Иван Козленко: "Довженко-Центр" пришлось создавать негуманными методами

"Я нажил массу врагов, пытаясь создать что-то новое, - и, может, это прозвучит нескромно, мне удалось", - говорит гендиректор Национального центра Александра Довженко

Писатель Иван Козленко - живое отрицание расхожего штампа о неспособности гуманитариев быть грамотными и эффективными менеджерами. Он с 2014-го руководит киевским "Довженко-Центром". За эти годы восьмиэтажное строение из своеобразного памятника обанкротившейся кинокопировальной фабрике превратилось в полноценный арт-кластер, где работают театральная и музыкальная сцены, кафе, книжный магазин, проходят выставки и кинопоказы. Здесь, работая и отдыхая, можно провести целый день. Неудивительно, что дом на улице Васильковской стал настоящим культовым местом для молодежи.

Мы расспросили Ивана, как ему это удалось.

- Как все началось?

- Можно сказать, я входил в одну воду дважды. Сперва, в 2011-м, меня назначили заместителем директора по архивному делу. Я считал, что наша организация является архивной и культурной, тогда как с 1996-го, а особенно после присоединения Киевской кинокопировальной фабрики в 2000-м, существенная часть функций Центра была индустриальной. Это промышленная ментальность, цеха и прочее - у государства была монополия на изготовление кинокопий. Но уже в 2011-м стало ясно, что эти индустриальные блага обречены на исчезновение, так что надо расширять другие функции.
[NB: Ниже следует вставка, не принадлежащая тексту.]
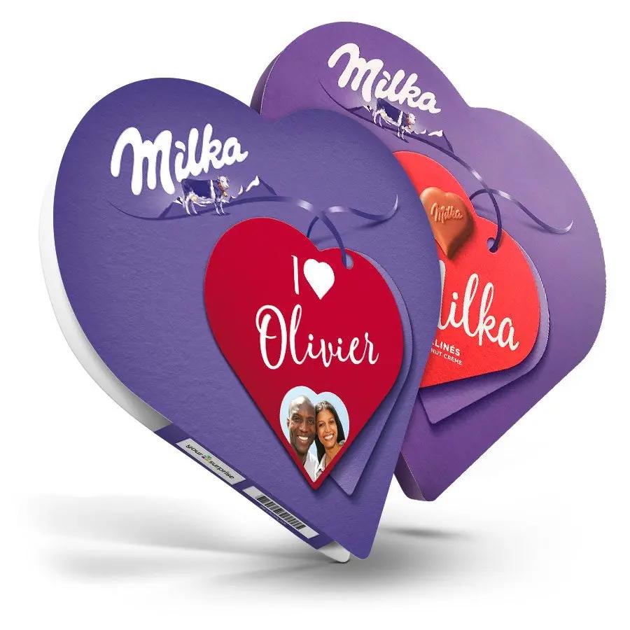 Délicieux cœur Milka avec prénom. Contient 30 pralines au chocolat fourrées à la crème de noisette onctueuse !

- А откуда они могли взяться?

- Они заложены в уставе, согласно которому Центр всегда был учреждением культуры. Моей задачей сначала было показать украинское кинонаследие, причем больше за рубежом, чем в Украине. Мы перенесли в Киев формат, разработанный еще в Одессе на фестивале "Немые ночи", основанном мной в 2010-м, сделали упор на издательское дело - печатали годовые каталоги украинского кино, а впоследствии - ДВД и книги. Это стало существенной частью наших активностей. За два-три года создали несколько новых отделов - в том числе международного продвижения, научный. Наши сотрудники, пришедшие и с фабрики, понемногу привыкали к тому, что кроме печати копий мы еще занимаемся какими-то вещами, которые тоже можно посмотреть, пощупать. Но у нас не было собственных помещений и мероприятия приходилось проводить на партнерских локациях.
Второе мое пришествие - это 2014 год, сразу после революции. Вокруг глубокий кризис, финансовая поддержка, которую мы получали с 2011-го, была исчерпана. Стояла задача прожить хотя бы до нового года, после которого можно было претендовать на дополнительное финансирование.

- Из чего приходилось выбирать?

- Или оставить все, как есть, или делать очень радикальные, очень непопулярные реформы, часто негуманные.

- В чем же их негуманность?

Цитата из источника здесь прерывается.